Tuesday 3 October 2000

Michael Pearce: The Mamur Zapt and Men Behind (1991)

Edition: William Collins, 1991
Review number: 640

Having given up waiting for the first of the Mamur Zapt novels to become available from my local library, I borrowed the third (though it's hard to tell from the unhelpful way Collins have chosen to list them at the front of the novels). I had some idea what to expect, and I was not disappointed. Perhaps a trifle less outrageous than the Dimitri novels I had previously read, The Mamur Zapt and Men Behind is still enjoyable and funny.

Set in Egypt in the early years of this century, the novels capitalise on the tension between the stabilising power of the British who ruled in all but name and the desire of the nationalists to free the country from foreign influence.

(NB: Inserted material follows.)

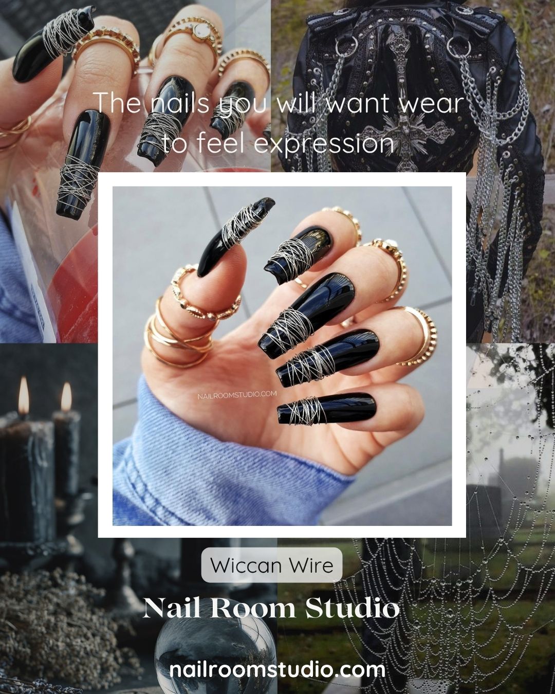 Ongles noirs brillants avec du vrai fil fin autour de toutes les pointes.

The Mamur Zapt was the title of the official who ran the secret police in Cairo, and at this time was British though employed by the Egyptian government. In this particular novel, the tension is heightened during a period when the Khedive (ruler of Egypt) refuses to name a new first minister, paralysing the government. Both British and Egyptian officials are being followed and attacked as the crisis continues, and a grave situation becomes very serious when a bomb wrecks a cafe which is a haunt of student political societies.

As a detective puzzle, The Men Behind is easy to solve; Pearce is more interested in being entertaining and amusing than in providing serious intellectual relaxation.